IL-18 promotes neurodegeneration through multiple interconnected mechanisms. Microglial IL-18 production is activated by pathogen-associated molecular patterns (PAMPs) and damage-associated molecular patterns (DAMPs) released from degenerating neurons, including amyloid-beta and misfolded proteins. NLRP3 inflammasome activation, which processes pro-IL-18 to mature IL-18, is triggered by these neuronal danger signals. Mature IL-18 then acts on neighboring microglia and infiltrating immune cells, amplifying pro-inflammatory cytokine production including TNF-α, IL-1β, and IL-6. These cytokines directly damage neuronal integrity through NMDA receptor overstimulation, oxidative stress generation, and mitochondrial dysfunction. IL-18 also promotes Th1 differentiation of infiltrating T cells, perpetuating CNS neuroinflammation through IFN-γ production. In certain contexts, IL-18 suppresses regulatory T cells and anti-inflammatory responses, shifting the immune balance toward neurodestructive pathways.

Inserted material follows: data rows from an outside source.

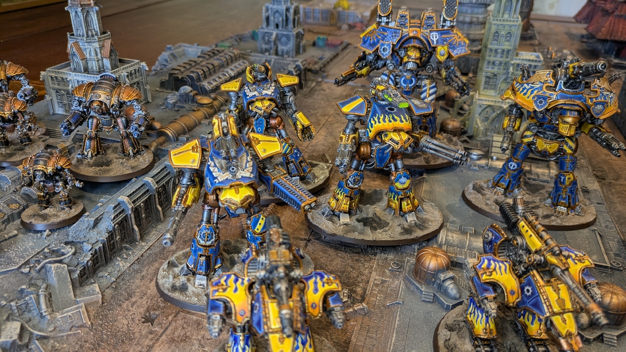 | さて、アデプトゥスタイタニカスの魅力はやはりタイタンを複数運用するその豪華さであります。 写真のようにリーヴァータイタンは複数投入も可能ですし、ウォーハウンドタイタンも複数機投入が日常であります。 40Kの戦場ではこんなにタイタンを投入できませんからね、そこが一番の売りだと思います。 リージョンインペリアリスでもタイタンは複数投入できますが、基本的にスペースマリーン兵団を中心としたアーミー編成になって、 タイタンばかり扱うのは例外的編成のようですので、タイタニカスはタイタンにフォーカスしたゲームとして独自性を保っていると思います。 タイタン好きにはたまらないと思います。 |
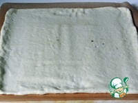 Раскатать одну часть теста в прямоугольник размером 32х36 см на бумаге для выпечки. |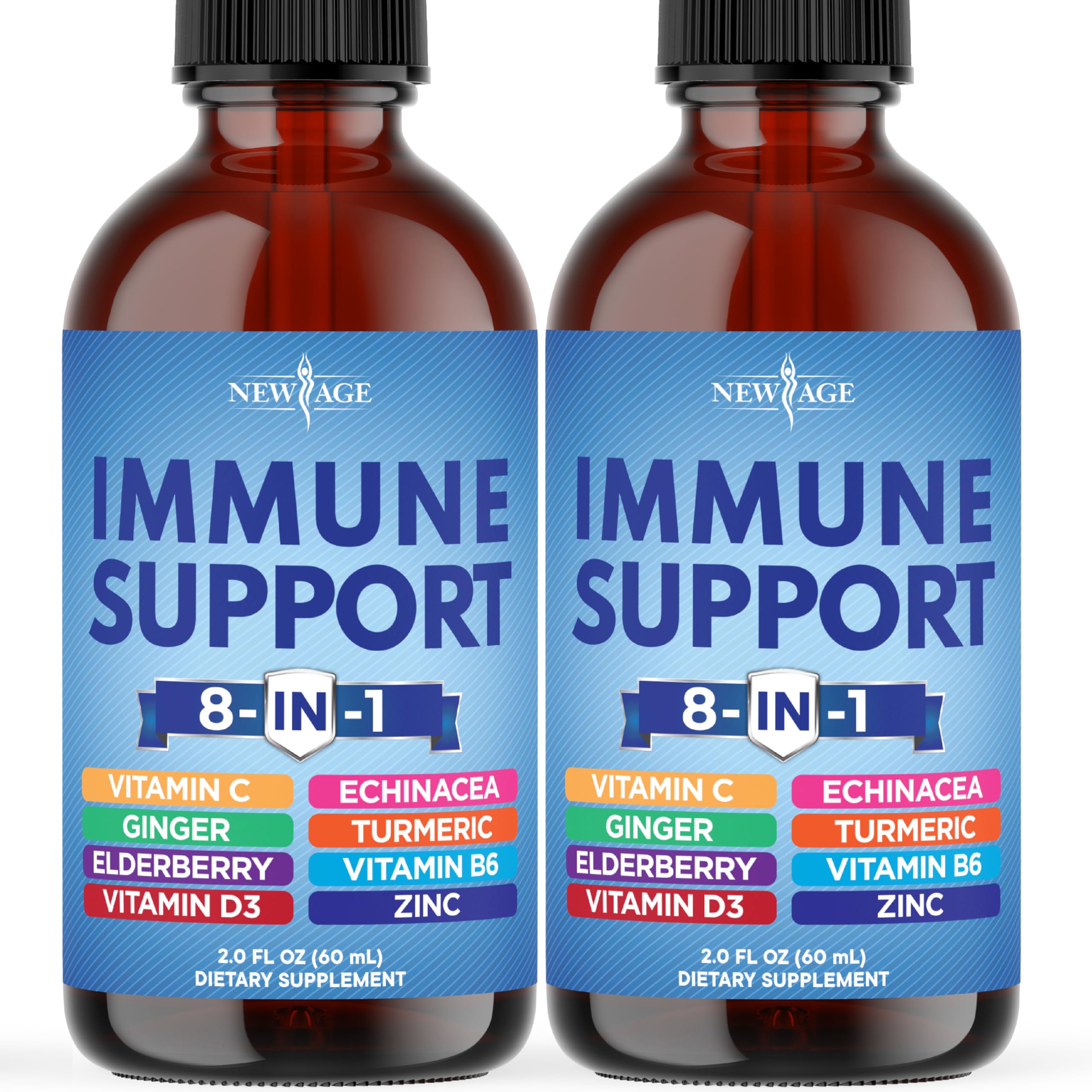 NEW AGE 8-in-1 Immune Support Liquid Drops Elderberry Turmeric Curcumin Echinacea Ginger Vitamins C & D3 Zinc & B6 Fast-Absorbing Immune & Antioxidant Support Vegan Non-GMO 4 oz 2 Fl Oz (Pack of 2)

Clinical and Research Significance

IL-18 serves as a biomarker for neuroinflammatory status in multiple neurodegenerative diseases. Cerebrospinal fluid and serum IL-18 levels are increasingly recognized as correlates of disease activity and progression. Therapeutic targeting of IL-18 through neutralizing antibodies, IL-18 binding protein administration, or inflammasome inhibition represents an emerging treatment strategy. Several experimental studies demonstrate that IL-18 neutralization or genetic deletion reduces neuropathology and behavioral deficits in animal models of neurodegeneration. Clinical trials investigating IL-18 antagonism are underway for select conditions.